HSBC's stance also contrasts with rival banks such as Goldman Sachs, which Reuters in March reported had restarted its cryptocurrency trading desk.

"Given the volatility, we are not into Bitcoin as an asset class; if our clients want to be there then of course they are, but we are not promoting it as an asset class within our wealth management business," Quinn said.

"For similar reasons, we're not rushing into stablecoins," he said, referring to the digital currencies that seek to avoid the volatility associated with typical cryptocurrencies by pegging their value to assets such as the U.S. dollar.

China, which is central to HSBC's growth strategy, said last Tuesday that it had banned financial institutions and payment companies from providing services related to cryptocurrency transactions.
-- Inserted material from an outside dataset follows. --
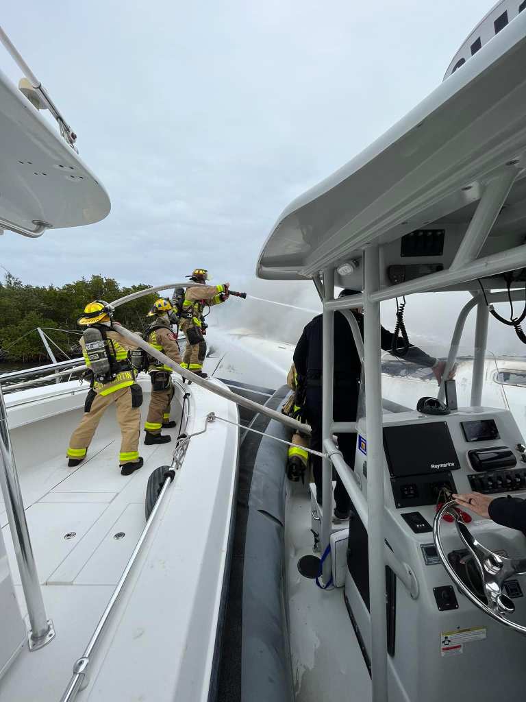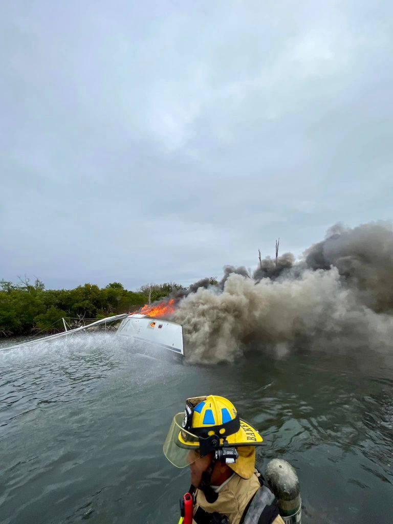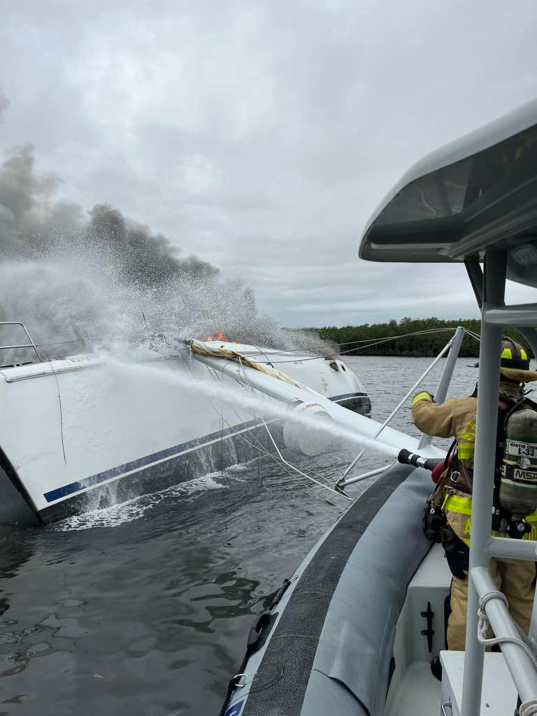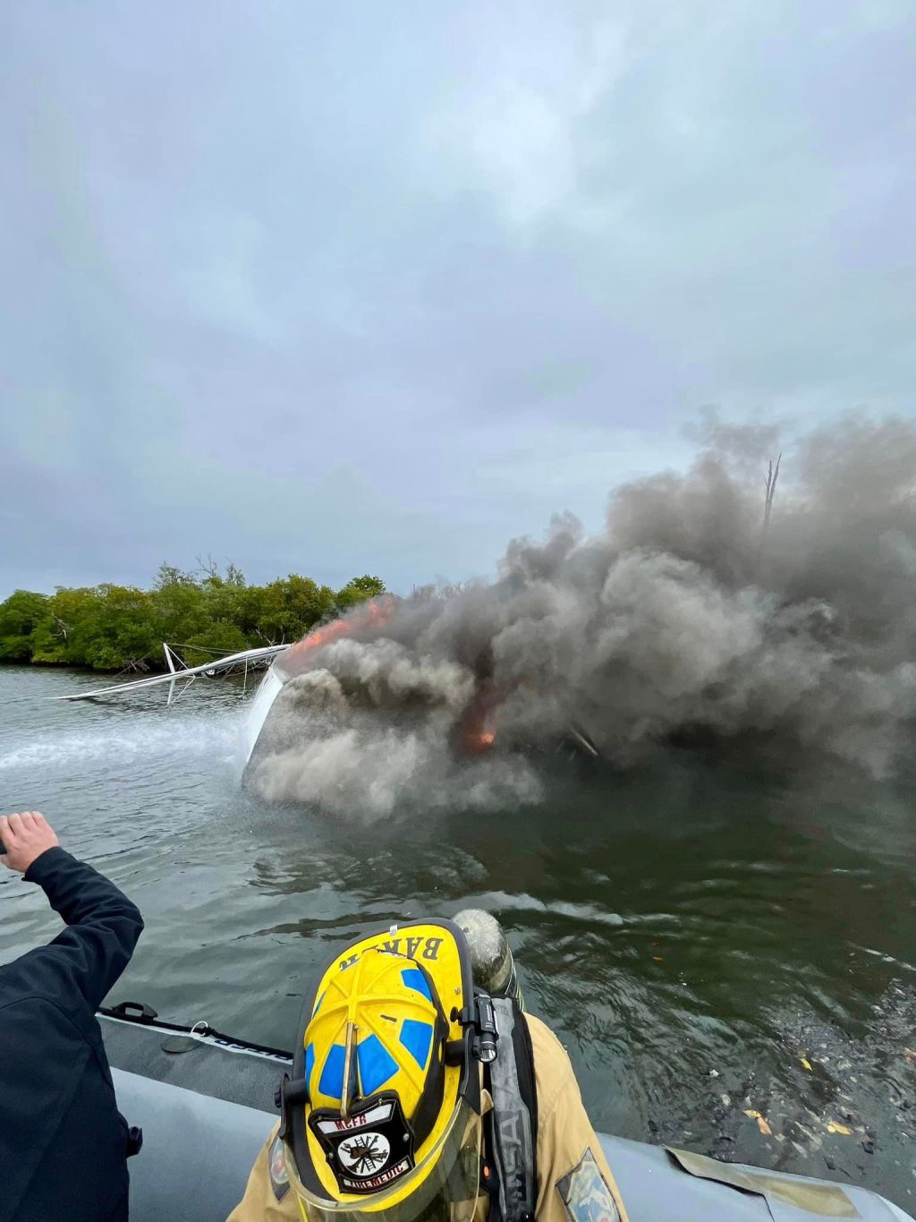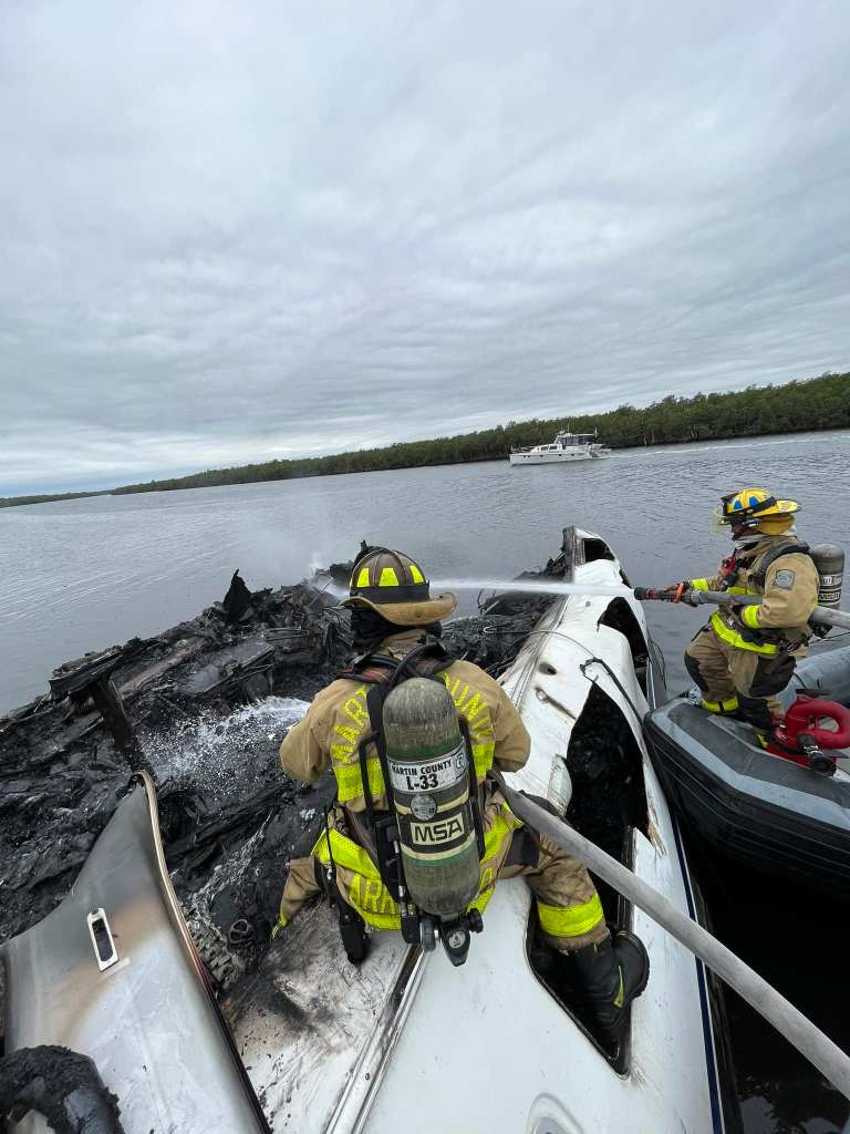 Hobe Sound, Fl- The Martin County Fire Rescue responded to a boat fire at Jimmy Graham Park in Hobe Sound. The boat ramp is located at 8555 SE Gomez Ave, Hobe Sound, FL.

Reuters reported in April that HSBC had banned customers in its online share trading platform from buying shares in bitcoin-backed MicroStrategy, saying in a message to clients that it would not facilitate the buying or exchange of products related to virtual currencies.

Quinn said his skeptical stance on cryptocurrencies partly arose from the difficulty of assessing the transparency of who owns them, as well as problems with their ready convertibility into fiat money.

"I view Bitcoin as more of an asset class than a payments vehicle, with very difficult questions about how to value it on the balance sheet of clients because it is so volatile," he said.

"Then you get to stablecoins, which do have some reserve backing behind them to address the stored value concerns, but it depends on who the sponsoring organization is plus the structure and accessibility of the reserve."

The soaring popularity of cryptocurrencies has posed a problem for mainstream banks in recent years, as they try to balance catering to clients' interests with their own regulatory obligations to understand the source of their customers' wealth.

HSBC's stance against offering cryptocurrencies as an asset class marks it out against European rivals such as UBS, which is exploring ways to offer them as an investment product according to media reports earlier this month.

Dirty businesses

The annual energy consumption of China's cryptocurrency miners is expected to peak in 2024 at about 297 terawatt-hours, greater than all the power consumption by Italy in 2016, according to a study recently published in the scientific journal Nature Communications.

Chinese President Xi Jinping has pledged carbon neutrality by 2060.

China has already lost its position as a global cryptocurrency trading center after Beijing banned crypto exchanges in 2017.

"Eventually, China will lose crypto computing power to foreign markets as well," BTC.TOP founder Jiang wrote, predicting the rise of U.S. and European mining pools.

Chen of Novem Arcae said the crypto craze, if not curbed, could turn into froth similar to the Dutch tulipomania in the 17th century – often regarded as the first financial bubble in recorded history.

"The only difference is that after the tulip bubble burst, there were still some beautiful flowers left," Chen said.

"But when the virtual currency bubble bursts, what would be left are merely some computer codes."